How do I merge clusters or metaclusters?
Use the Automatic cluster gates functionality within the gating interface to specify groups of (meta)clusters that you want to group into one Gate/Population. You can combine ranges of (meta)clusters (e.g. 1-5) and/or combinations of non-consecutive (meta)clusters (e.g. 1,5,10). You cannot modify an existing gate/population’s definition in terms of (meta)cluster IDs they encompass; but you can delete ones that you want to remake as combinations of different (meta)clusters.
Why do my results look slightly different when run on the same data set?
Although FlowSOM plots tend to have similar groupings of cell subsets, FlowSOM plots may look slightly different because the algorithm is stochastic. It’s okay to run FlowSOM multiple times and pick the one that gives the best visualization. If you’re interested in re-running FlowSOM on the same data with the same settings and getting the exact same map (e.g. for validation of a workflow), you can set the seed.
Can I run viSNE or FlowSOM on my FlowSOM-generated files?
Yes - we actually recommend running viSNE on your FlowSOM (or vice versa) as means of displaying FlowSOM metaclustering results on a dimensionality reduction map for visualization. To do this, you’ll first need to navigate to the viSNE experiment, and then you can run viSNE or FlowSOM from that experiment.
How can I compare groups of samples with FlowSOM?

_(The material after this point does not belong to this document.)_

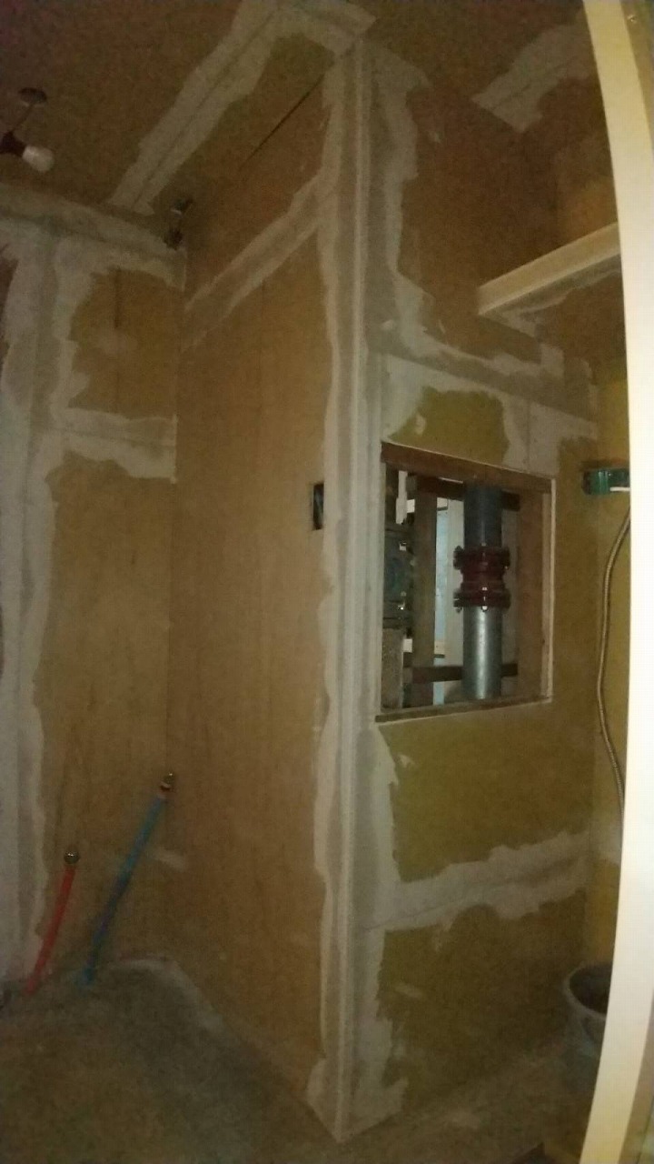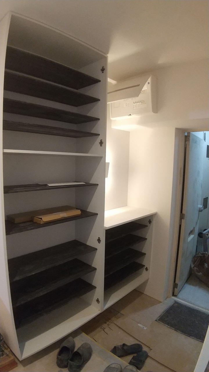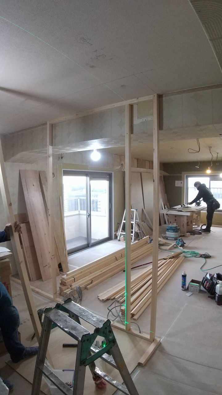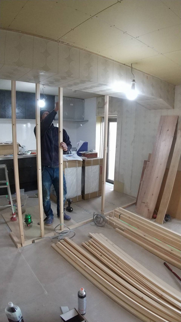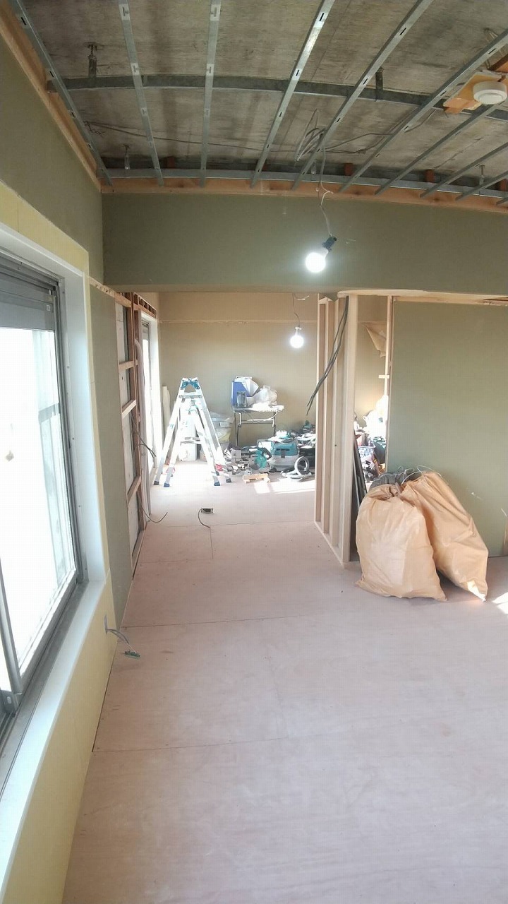 貼り終わったところから、養生をして、残りの造作壁を作っていきます。

Run FlowSOM with all of your sample files selected. Then, in the resulting FlowSOM analysis experiment, annotate your files based on their group identity. You can then compare (meta)cluster abundance and expression in the Working Illustration of the resulting FlowSOM analysis experiment.
How do I find statistically significant differences in marker expression or population abundance with FlowSOM results?

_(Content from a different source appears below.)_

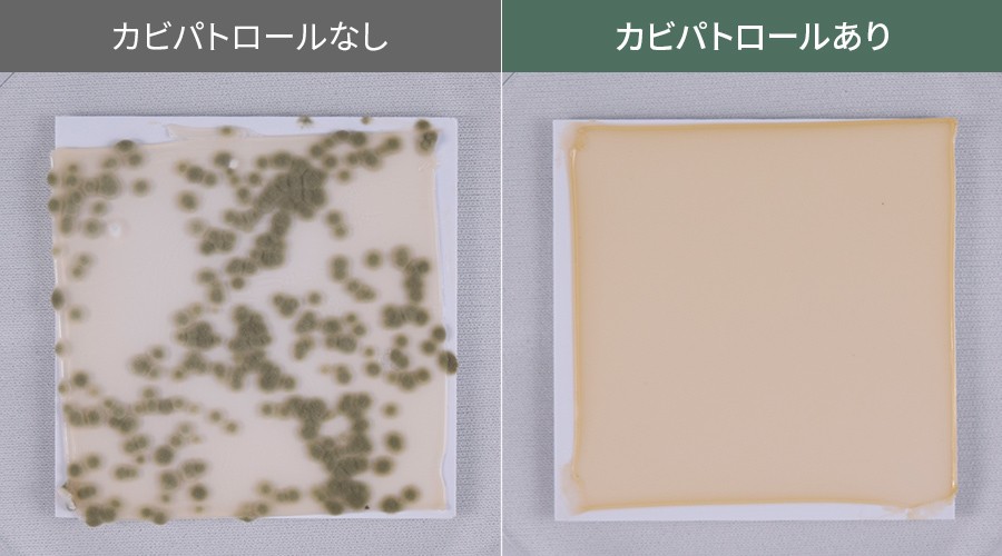 1枚目:カビパトロールイメージ、2枚目:パトロールありとパトロールなしの黒カビ比較実験

You can compare marker expression and abundance differences for metaclusters/populations identified by FlowSOM within the Working Illustration of the FlowSOM analysis experiment (see “Statistics and Fold Change Equations in the Working Illustration” and “Overview of Figure Generation using the Working Illustration”). For more sophisticated statistical analyses, including tests of significance, you can download the FlowSOM analysis experiment files that have the cluster and metacluster IDs added as columns, or you can Export Statistics to compare in downstream tools outside of Cytobank. Make a feature request if you’d like to see this functionality integrated within Cytobank!

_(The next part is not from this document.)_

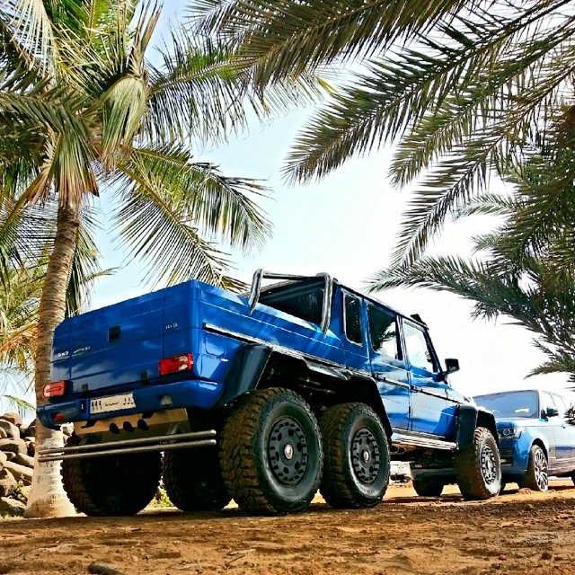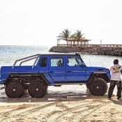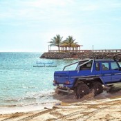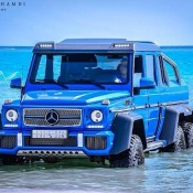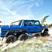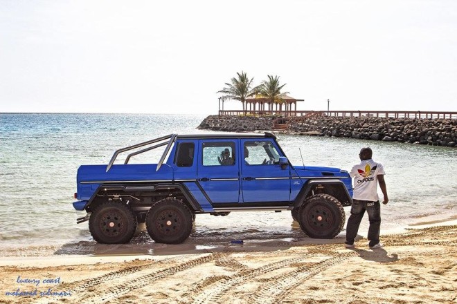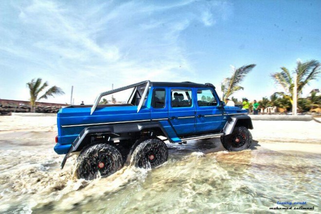 So far all G63 AMG 6×6 examples we’ve seen were either white or a dark color like grey or black. So it is quite refreshing to see one in a more vibrant color. This blue Mercedes G63 AMG 6×6 has recently been delivered to its customer in Saudi Arabia who immediately took it to the sea for some skinny dipping.

How can I run up to 90 million events through FlowSOM?
You can run up to 4M events through FlowSOM in a standard Premium and 8M events on Enterprise account. If you are an Enterprise Cytobank user and would like to run more events (up to 90M) through FlowSOM, please submit a support ticket to inquire about upgrading the compute power for your server.
Can I run multiple FlowSOM runs at the same time?
Yes. The number of runs you can run in parallel is a function of how your server is configured (i.e. how many supporting compute servers have been purchased by your site administrators). If you would like to run more FlowSOM runs in parallel than you currently are able to, please submit a support ticket to inquire about upgrading the compute power for your server.
The clusters in the PDF output are overlapping and difficult to discern. How do I address this?
If the clusters in your PDF output are overlapping, we recommend reducing the cluster size and/or reducing the target number of clusters. In some cases, it might help to use a different seed, or to interpret the SOM results in grid format instead of MST format (both formats are provided in PDF output). Alternatively, you can view and interact with your cluster and metacluster data in the resulting FlowSOM analysis experiment within the Working Illustration, which provides you with a way to analyze (meta)cluster abundance and marker expression at both a population-level and a single-cell level without the issue of overlap.